« Déclaration publique du REDHAC à la 87e Session Ordinaire de la Commission Africaine des Droits de l’Homme et des Peuples (CADHP)
Excellence Monsieur le Président,
Honorables Commissaires,
Le REDHAC salue votre leadership dans votre mission de protection et promotion des Droits de l’Homme en Afrique, dans ce monde de plus en plus violent. Le REDHAC félicite les commissaires réélus et leur souhaite plein succès dans leur mission.
Excellence Monsieur le Président, le REDHAC note avec satisfaction les avancées pour la protection légale des défenseurs notamment l’adoption des lois de protection des défenseurs en République Démocratique du Congo, au Gabon, en RCA même si nous restons en attente de leur pleine mise en œuvre.
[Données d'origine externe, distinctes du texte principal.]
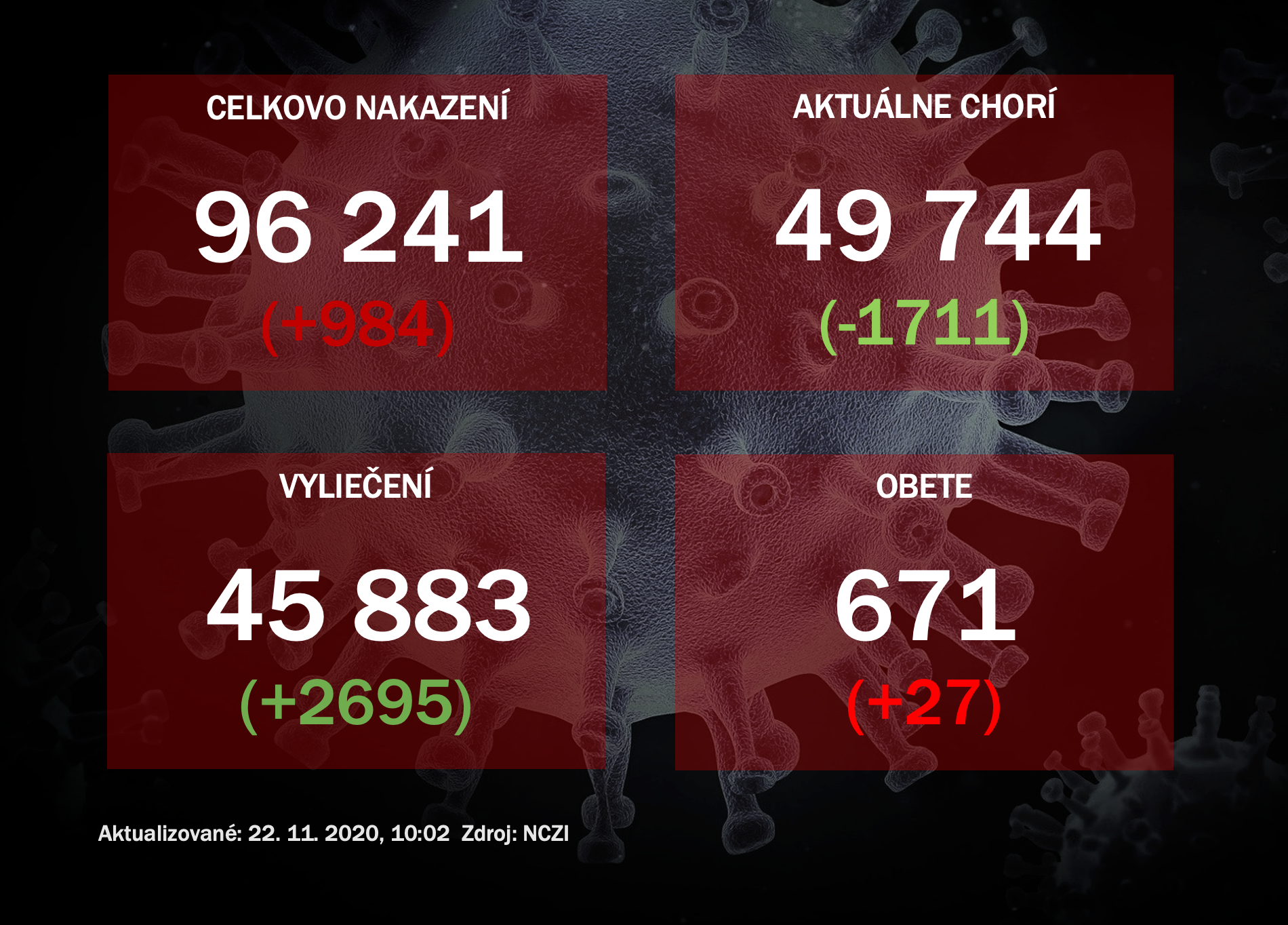 - na Slovensku je aktuálne na ochorenie COVID-19 potvrdených 96 241 (+984) prípadov, 45 883 (+2695) ľudí sa z choroby vyliečilo, 671 (+27) na jej následky zomrelo,

Excellence Monsieur le Président,
Le REDHAC attire votre attention sur : la restriction continue de l’espace civique, les violations graves des droits humains commises dans le contexte des conflits armés et les crises post électorales en Afrique Centrale ; La surveillance en ligne et hors ligne, arrestations et détentions arbitraires, restrictions des libertés fondamentales, campagnes de diffamation en ligne et hors ligne, poursuites et harcèlement judiciaires abusifs, criminalisation du travail des organisations de la société civile, les violences sexuelles, sexistes, ciblant spécifiquement les femmes défenseures, la stigmatisation accrue des organisations qui travaillent pour les droits des minorités sexuelles, la volonté manifeste des changements anticonstitutionnels par les états, les conditions de détention en Afrique centrale.
Ainsi:

En RDC, la persistance des violences dans l’Est expose les défenseur·e·s aux enlèvements, aux assassinats et déplacements forcés. Les jeunes filles et les femmes défenseures paient le lourd tribut. On regrette aussi malheureusement de nombreuses arrestations et détention arbitraire, le départ massif en exil des défenseurs et leurs proches.
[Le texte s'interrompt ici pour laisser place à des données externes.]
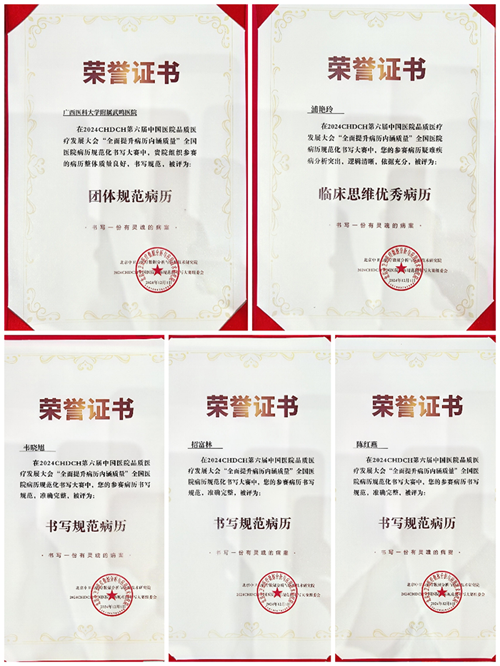 近日,第六届中国医院品质医疗发展大会暨2024年全面提升病历内涵质量医院病历规范化书写大赛在无锡举行,全国128家医院共400多份病历参加比赛,附属武鸣医院4份病历参赛并获多项殊荣,广西医科大学附属武鸣医院获“团体规范病历奖”,浦艳玲医师获“临床思维优秀病历”奖,陈红燕、招富林、韦晓旭医师获“书写规范病历个人奖”。

Au Cameroun, la crise post-électorale d’octobre 2025, au moins 2000 arrestations et détention arbitraires parmi lesquels les mineurs, les dizaines de morts, la destruction des biens privés et publics. Les conditions de détention reste un défi majeur surtout pour les prisonniers politiques et ceux de la crise anglophones : ainsi, M. Anicet Ekane, leader d’un parti politique d’opposition arrêté lors des élections présidentielles de 2025 et M.Patrick Ndango, un ‘’séparatistes’’ arrêté dans le cadre de la
crise anglophone sont morts en détention dans les conditions inhumaines et dégradantes.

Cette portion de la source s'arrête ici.